As a substitute, news organizations have increasingly resorted to picking up stories from newswires, pack journalism, where all media firms rely on a single source, and parachute journalism, where reporters without much pre-existing knowledge or connections of a region are dropped in to report breaking news.5Veteran news reporters and media executives worry that while freelancers and newswire agencies can cover the occurrence of events, they may lack the background necessary to give in-depth reports or accurate interpretations of facts.

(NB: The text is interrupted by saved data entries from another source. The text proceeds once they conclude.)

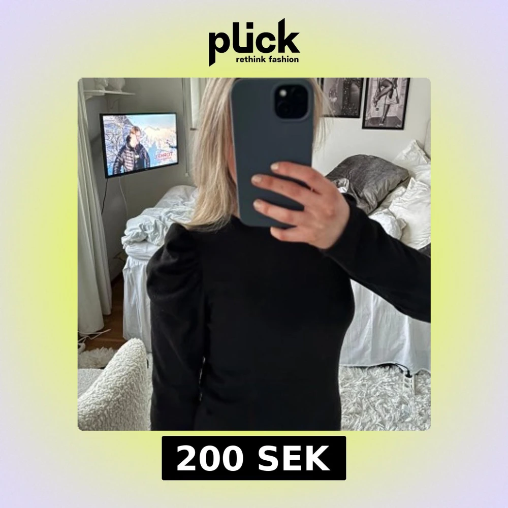 Snygg svart tröja med långa ärmar och puffdetaljer vid axlarna.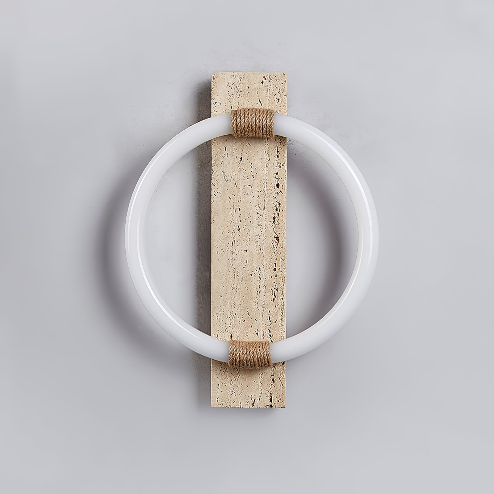 The Vakkerlight Niva Sconce combines elemental stone with a glowing ring of light in a perfectly balanced design. A hand-finished travertine base anchors the luminous circle, secured with wrapped cord detailing. Sculptural, serene, and effortlessly modern.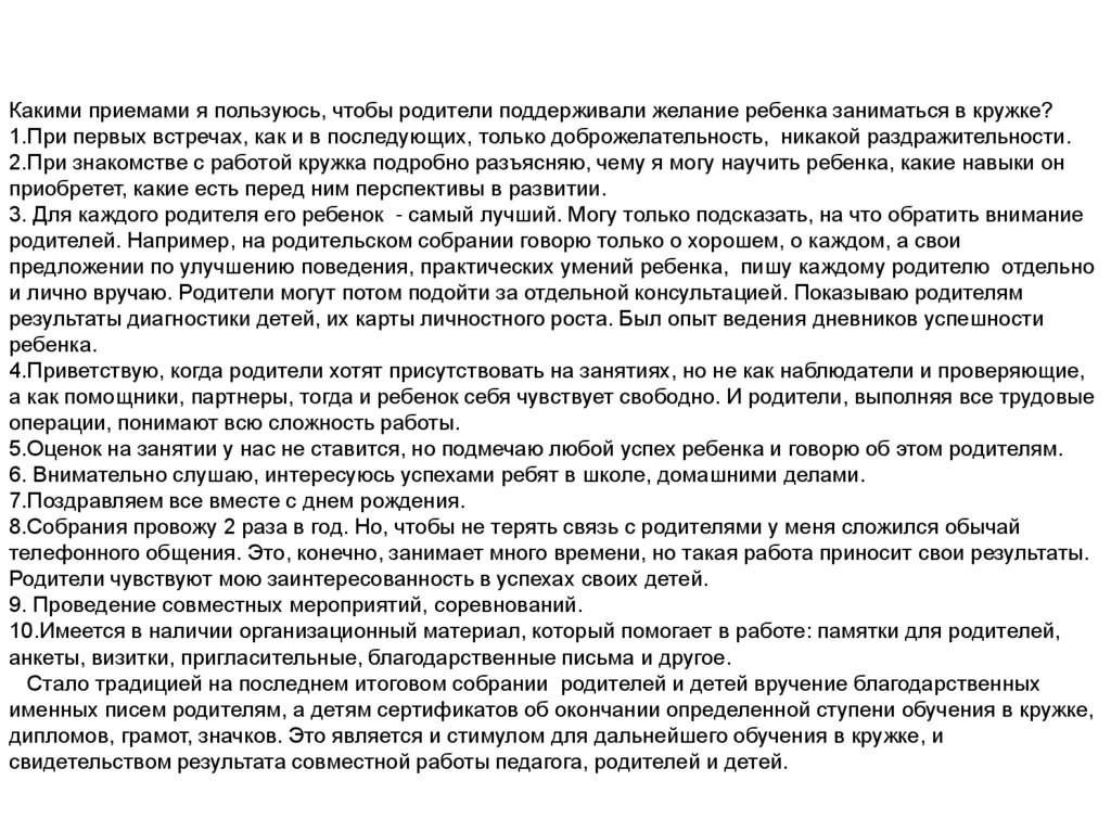 Какими приемами я пользуюсь, чтобы родители поддерживали желание ребенка заниматься в кружке?1.При первых встречах, как и в последующих, только доброжелательность, никакой раздражительности.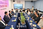 (원투원뉴스) 충남도가 당진 발전을 위해 스마트 양식단지와 수산식품 클러스터 조성, 탄소중립 선도 도시 조성 등에 도정 역량을 집중 투입한다. 김태흠 지사는 16일 민선8기 4년 차 시군 방문 네 번째 일정으로 당진시를 찾아 도민과 직접 소통하며 지속 가능한 미래 발전 방안을 모색했다. 김 지사는 이날 언론인 간담회, 도민과의 대화를 진행한 후, 스마트팜 사관학교, 당진항 석문지구 등 정책 현장을 방문했다. 도민과의 대화는 당진시청 대강당에서 오성환 시장과 시민 등 600여 명이 참석한 가운데 진행했다. 이 자리에서 김 지사는 민선8기 도정 보고 후, 당진 발전을 위해 △스마트 양식단지 및 수산식품 클러스터 조성 △탄소중립 선도 도시 조성 △제2서해대교 건설 △천주교 순례길 세계 명소화 사업 등을 차질없이 추진하겠다고 밝혔다. 스마트 양식단지는 국비 100억 원을 포함, 총 200억 원의 사업비를 2027년까지 투입해 석문간척지 일원에 4만㎡ 규모로 조성하는 사업으로, 지난 4월 중앙투자심사를 넘어서며 급물살을 타고 있다. 청년 어업인 등에게 임대할 이 양식단지에서는 첨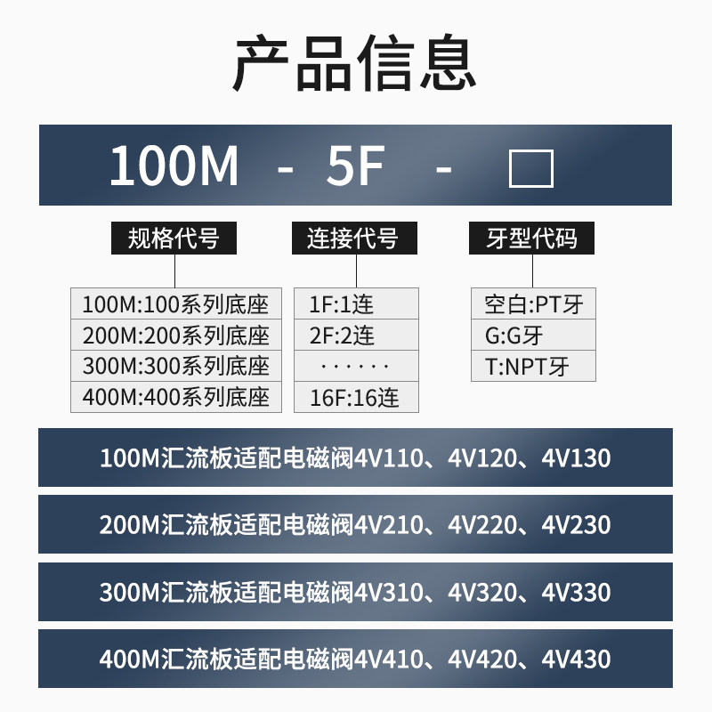 200M is suitable for 4V2 series solenoid valves ---- 200M-1F 200M-2F 200M-3F 200M-4F 200M-5F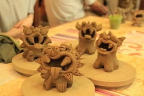 (真剣にシーサー作りをしている様子)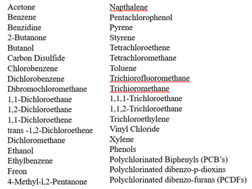 Organic Compounds analyzed in the Schofield Barracks Federal Facilities Agreement (FFA),

Using freelancers also poses the disadvantage that it is often difficult to travel to locations in sudden crisis. The news will have to come from newswires if they happen to have correspondents in place, be delivered late when reporters can be sent into the scene, or come from potentially biased government sources. For example, during the Rwandese Genocide in 1994, only two of the 54 articles published by the New York Times during the first thirty days were written from Rwanda.In 1964, the year before the US first deployed troops to Vietnam, 40% of the 1,463 New York Times articles on Vietnam were written from Vietnam. In contrast, during the twelve months before the invasion of Iraq on March 20, 2003, only 9% of the 1,611 New York Times articles on Iraq were written from Iraq (Qian and Yanagizawa, 2008b).
Adding to this concern is the possibility that even if the media were informed of the distortions in the government's reports, it would knowingly allow its own coverage to be distorted. Qian and Yanagizawa (2008b) study the effect U.S. State Department bias in human rights reports on coverage in the New York Times. They find that under-reporting from the State Department significantly reduces coverage of abuses.. Furthermore, the effect is equally large for countries where media has free access as for countries where media access is restricted. This latter result suggests that the distortion in media coverage is not driven by the New York Times' inability to obtain the truth. Rather, as a profit making firm, it is probably just minimizing its costs and it is less costly to obtain information from the State Department than from other sources.
There seems to be much reason to doubt the ability of the Fourth Estate to mitigate government bias and provide the American public with accurate news. The problem resides both in the government's manipulation of information and in the incentives of news organizations that knowingly allow their coverage to be distorted. Regarding the latter, Walter Cronkite described the concerns of many Americans when he said in a speech at Columbia University in January, 2007: "The need for high-quality reporting is greater than ever. It's not just the journalist's job at risk here. It's American democracy."
1 Letters to the Editor, Washington Post, Monday, June 9, 2008; Page A16.
2 Also see Stohl and Carleton (1985), and Mitchell and McCormick (1988).
3 Blanton and Blanton (2007) show that US Foreign Direct Investment is negatively correlated with human rights violations.
4 See financial report of monthly revenues in 2008 for investors of the New York Times Company.
5 The term pack journalism was coined by Timothy Crouse in his book The Boys on the Bus (1973), a standard text for university journalism courses, which critically discussed the press coverage of the 1972 presidential campaigns. It refers to the informal consensus that forms when reporters reply on each other or are dependent on a single source for information. For a detailed discussion of parachute journalism in the US today, see Erickson (2006).